Yesterday night he watched something on TV and commanded me to also sit down and watch it so i can "learn" something. I needed to study instead but i cant tell him otherwise it would get worse and he would go on like a machine telling me crazy stuff about why i want to study right now, its not the right time, typical crazy nonsense stuff you get it.

I never talk to him either so he assumes im dumb or something without knowing he is the fucking cause i dont talk to him.

So instead when i sat down i was ofc very frustrated and instead stared at the wall, it was some bullshit nonsense on tv, not anything of the ordinary.

He told me why im not looking at the tv, i just still stared at the wall and then he got up and beat the fuck out of me, my face still hurts when i woke up today.

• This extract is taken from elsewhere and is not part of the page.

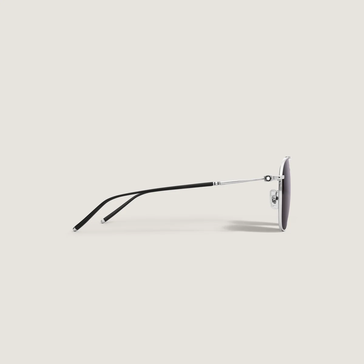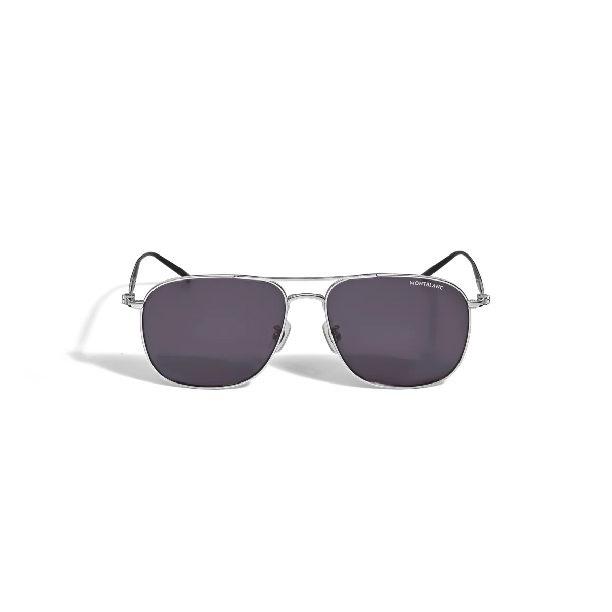 Diese Sonnenbrille im eckigen Stil hat einen silberfarbenen Metallrahmen und blaue Gläser. Sie verfügt über einen doppelten Metallsteg auf der Vorderseite. Die von den Meisterstück-Schreibgeräten inspirierten Bügel sind mit einem 3-Ringe-Detail verziert. Das Montblanc Logo ist auf das linke Glas gelasert und die Bügelenden sind mit einem schwarzen Emaille-Detail verziert.
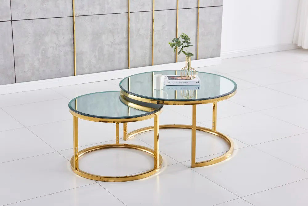 Lot de 2 tables Basses Gigogne ARTO Gold et plateau en verre

During the time he beat me i told him you are beating me because of a tv and he said yes so what like it was justified.

Im just feeling so disgusted knowing im a product of him
 
Lmao at being an adult and getting BTFO by your dad.
If you're underage GTFO.
 
never beat up, there's been some physical altercations though, particularly when I was very young
 
Not beaten up but he’s smacked me across the head more than a few times.
 
never "beat up" to the point where I was going to school with black eyes and vomiting up blood or anything heinous like that
but looking back I do laugh when I realize just how fucked up my dad was at certain points in my life. i'll always say this that my dad wanted me to be like he was so bad it is very hypocritical of him as a father and as a parent in general. it made me feel really like how females work how they want a "nice guy" but then go fuck nothing but losers and addicts and harmful abusers and never seem to want to fuck any actual nice guys.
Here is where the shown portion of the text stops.